BEGIN Study material

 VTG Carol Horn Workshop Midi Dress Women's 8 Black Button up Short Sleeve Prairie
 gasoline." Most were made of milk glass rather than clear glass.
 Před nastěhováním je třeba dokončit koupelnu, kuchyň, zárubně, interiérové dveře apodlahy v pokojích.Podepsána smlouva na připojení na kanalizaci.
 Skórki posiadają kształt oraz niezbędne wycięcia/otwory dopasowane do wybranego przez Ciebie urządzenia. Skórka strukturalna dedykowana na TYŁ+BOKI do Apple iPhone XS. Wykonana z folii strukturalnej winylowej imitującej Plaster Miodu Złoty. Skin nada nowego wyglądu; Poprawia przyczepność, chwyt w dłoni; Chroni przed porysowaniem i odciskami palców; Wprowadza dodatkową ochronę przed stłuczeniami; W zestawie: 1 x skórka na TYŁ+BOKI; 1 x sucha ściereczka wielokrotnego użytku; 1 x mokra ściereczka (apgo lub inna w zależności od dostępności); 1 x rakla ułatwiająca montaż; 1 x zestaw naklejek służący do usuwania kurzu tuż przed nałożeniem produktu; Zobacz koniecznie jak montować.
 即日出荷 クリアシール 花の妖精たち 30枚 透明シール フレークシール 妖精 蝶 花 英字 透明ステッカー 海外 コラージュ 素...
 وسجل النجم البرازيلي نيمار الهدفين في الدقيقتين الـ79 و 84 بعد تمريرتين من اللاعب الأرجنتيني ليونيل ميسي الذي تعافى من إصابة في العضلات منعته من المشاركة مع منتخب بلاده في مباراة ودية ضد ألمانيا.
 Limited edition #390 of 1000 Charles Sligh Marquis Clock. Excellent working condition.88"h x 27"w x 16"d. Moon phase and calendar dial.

END Study material
BEGIN Study material

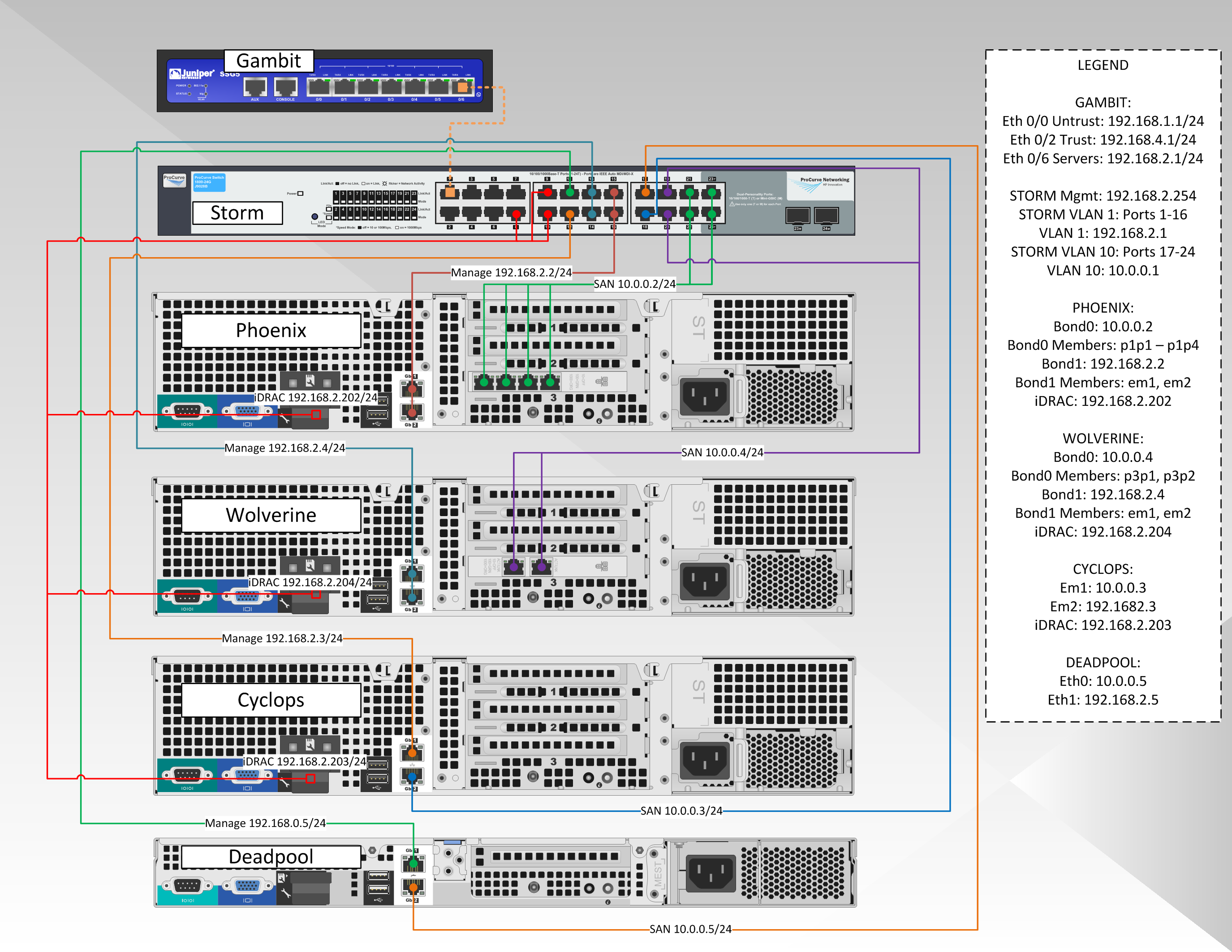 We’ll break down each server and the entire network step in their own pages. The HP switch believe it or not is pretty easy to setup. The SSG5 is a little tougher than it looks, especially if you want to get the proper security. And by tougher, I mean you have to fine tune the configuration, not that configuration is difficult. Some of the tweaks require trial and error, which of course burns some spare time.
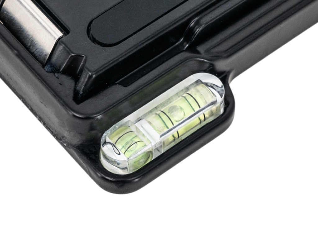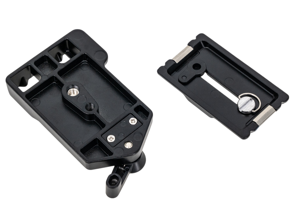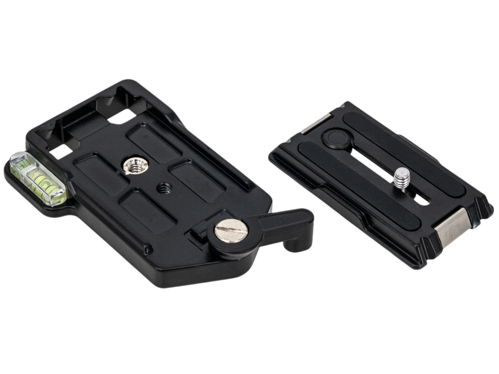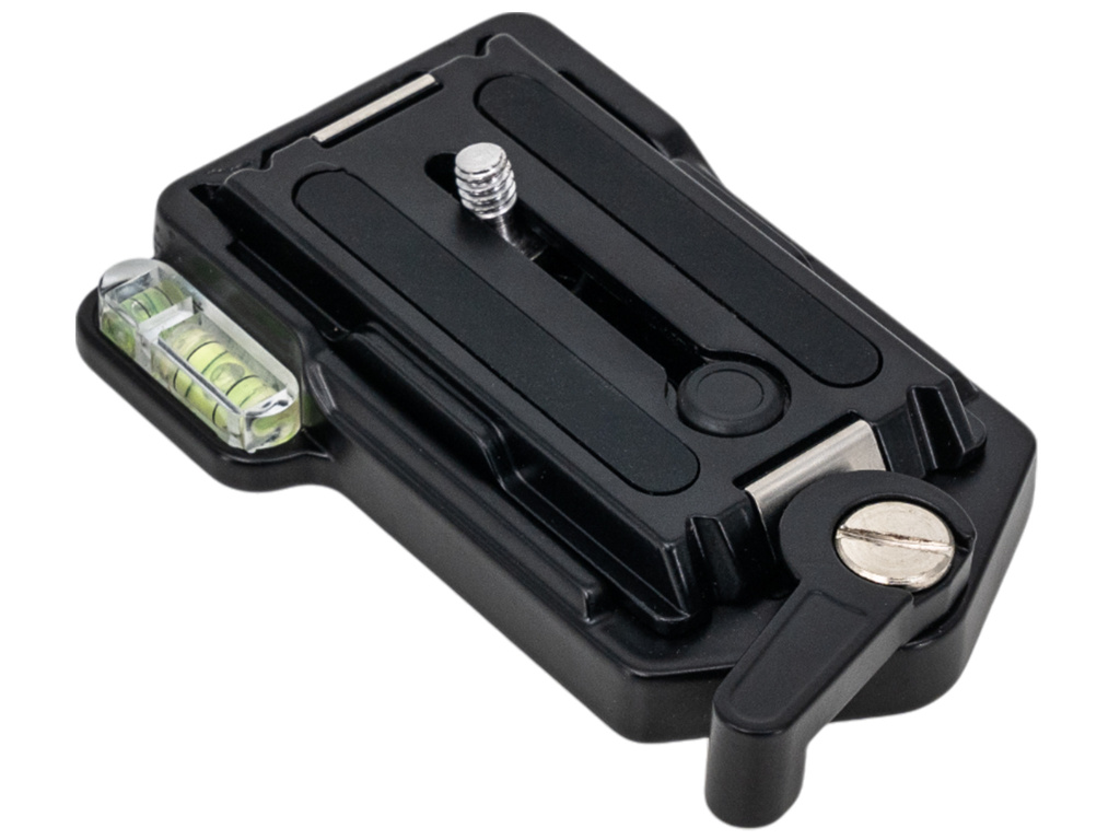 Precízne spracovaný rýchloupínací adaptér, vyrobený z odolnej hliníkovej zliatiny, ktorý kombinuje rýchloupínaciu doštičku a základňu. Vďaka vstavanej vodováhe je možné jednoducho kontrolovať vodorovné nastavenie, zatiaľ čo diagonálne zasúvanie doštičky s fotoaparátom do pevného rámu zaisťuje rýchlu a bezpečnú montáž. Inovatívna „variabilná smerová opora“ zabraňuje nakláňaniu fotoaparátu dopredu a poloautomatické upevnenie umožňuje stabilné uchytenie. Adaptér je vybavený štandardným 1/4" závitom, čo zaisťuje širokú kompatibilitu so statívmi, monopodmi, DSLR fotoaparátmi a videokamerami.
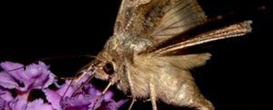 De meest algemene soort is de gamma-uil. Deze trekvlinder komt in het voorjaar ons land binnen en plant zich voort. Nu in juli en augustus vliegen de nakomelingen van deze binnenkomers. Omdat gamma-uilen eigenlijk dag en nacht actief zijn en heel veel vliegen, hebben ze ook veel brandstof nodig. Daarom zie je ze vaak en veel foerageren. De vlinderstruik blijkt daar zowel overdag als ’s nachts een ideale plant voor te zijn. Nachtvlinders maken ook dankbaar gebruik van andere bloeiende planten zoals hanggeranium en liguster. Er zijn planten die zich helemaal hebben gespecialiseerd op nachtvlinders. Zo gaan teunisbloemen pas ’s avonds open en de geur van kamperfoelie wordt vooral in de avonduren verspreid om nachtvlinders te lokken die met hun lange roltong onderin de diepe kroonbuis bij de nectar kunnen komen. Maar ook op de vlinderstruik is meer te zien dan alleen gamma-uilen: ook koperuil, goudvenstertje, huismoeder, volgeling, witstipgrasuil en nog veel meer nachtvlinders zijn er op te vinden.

END Study material

** Goal of the exercise **
Copy the lines above exactly, beginning at the line that has "VTG Carol Horn" and stopping after the line that has "Před nastěhováním je", and omit the rest.

** Written answer **
 VTG Carol Horn Workshop Midi Dress Women's 8 Black Button up Short Sleeve Prairie
 gasoline." Most were made of milk glass rather than clear glass.
 Před nastěhováním je třeba dokončit koupelnu, kuchyň, zárubně, interiérové dveře apodlahy v pokojích.Podepsána smlouva na připojení na kanalizaci.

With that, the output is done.